You can treat both SVE and RVV as a regular fixed-width SIMD ISA.
"runtime variable width vectors" doesn't capture well how SVE and RVV work. An RVV and SVE implementation has 32 SIMD registers of a single fixed power-of-two size >=128. They also have good predication support (like AVX-512), which allows them to masked of elements after certain point.
If you want to emulate avx2 with SVE or RVV, you might require that the hardware has a native vector length >=256, and then you always mask off the bits beyond 256, so the same code works on any native vector length >=256.
Kind of, but the part which looks particularly annoying is that you can't put variable-width vectors on the stack or pass them around as values in most languages, because they aren't equipped to handle types with unknown size at compile time.

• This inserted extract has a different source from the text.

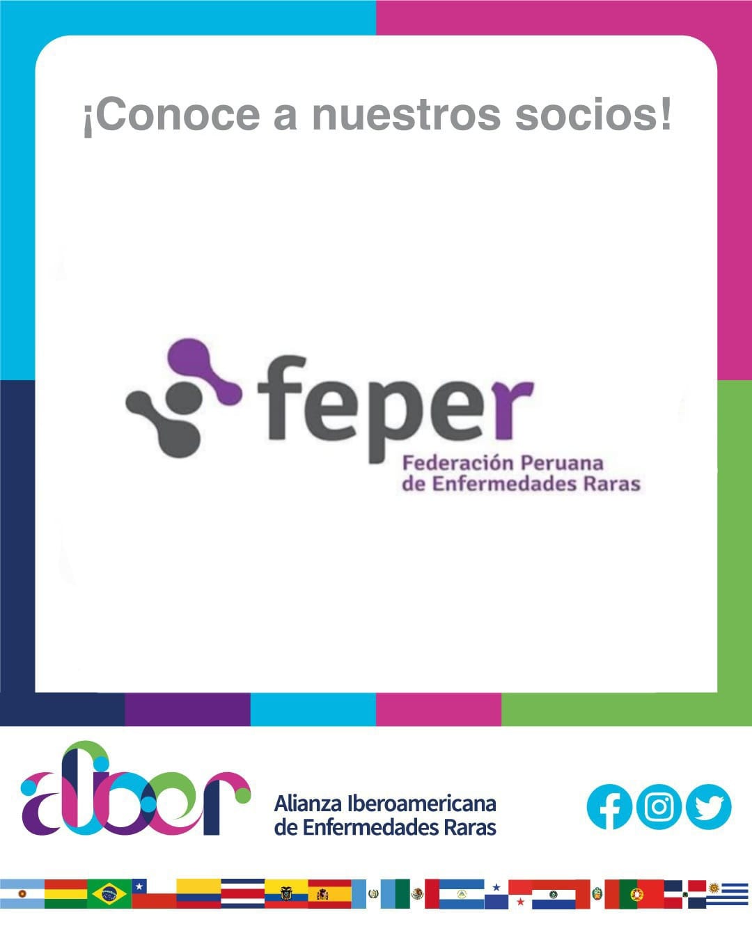 Somos una red que agremia más de 700 organizaciones de pacientes con Enfermedades Raras, presente en 19 países de Iberoamérica, que coordina acciones para fortalecer el movimiento asociativo, dar visibilidad a las EERR y representar a las personas con Enfermedades Poco Frecuentes de Iberoamérica ante organismos locales, regionales, nacionales e internacionales, creando un espacio de colaboración conjunta y permanente para compartir conocimientos, experiencias y buenas prácticas en las áreas social, sanitaria, educativa y laboral.

ARM seems to be proposing a C language extension which does require compilers to support variably sized types, but it's not clear to me how the implementation of that is going, and equivalent support in other languages like Rust seems basically non-existent for now.
Yes, you can't, which is annoying, but you can if you compile for a specific vector length.
This is mostly a library structure problem. E.g. simdjson has a generic backend that assumes a fixed vector length. I've written fixed width RVV support for it. A vector length agnostic backend is also possible, but requires writing a full new backend. I'm planning to write it in the future (I alreasy have a few json::minify implementations), but it will be more work. If the generic backend used a SIMD abstraction, like highway, that support scalable vectors this wouldn't be a problem.
Toolchain support should also be improved, e.g. you could make all vregs take 512-bit on the stack, but have the codegen only utilize the lowee 128 bit, if you have 128-but vregs, 256-bit if you have 256-bit vregs and 512-bit if you have >=512-bit vregs.
SVE theoretically supports hardware up to 2048-bit, so conservatively reserving the worst-case size at compile time would be pretty wasteful. That's 16x overhead in the base case of 128-bit hardware.
https://ashvardanian.com/posts/aws-graviton-checksums-on-neo...
Graviton3 has 256-bit SVE vector registers but only four 128-bit SIMD execution units, because NEON needs to be fast.
Intel previously was in such a dominant market position that they could require all performance-critical software to be rewritten thrice.
The main cores in the K3 have 256-bit vectors with two 128-bit wide exexution units, and two seperate 128-bit wide vector load/store units.
See also: https://forum.spacemit.com/uploads/short-url/60aJ8cYNmrFWqHn...
But yes, RVV already has more diverse vector width hardware than SVE.
Very wide SIMD instructions require a lot of die space and a lot of power.
The AVX-512 implementation in Intel's Knight's Landing took up 40% of the die area (Source https://chipsandcheese.com/p/knights-landing-atom-with-avx-5... which is an excellent site for architectural analysis)
Most ARM desktop/mobile parts are designed to be low power and low cost. Spending valuable die space on large logic blocks for instructions that are rarely used isn't a good tradeoff for consumer apps.
Most ARM server parts are designed to have very high core counts, which requires small individual die sizes. Adding very wide SIMD support would grow die space of individual cores a lot and reduce the number that could go into a single package.
Supporting 256-bit or 512-bit instructions would be hard to do without interfering with the other design goals for those parts.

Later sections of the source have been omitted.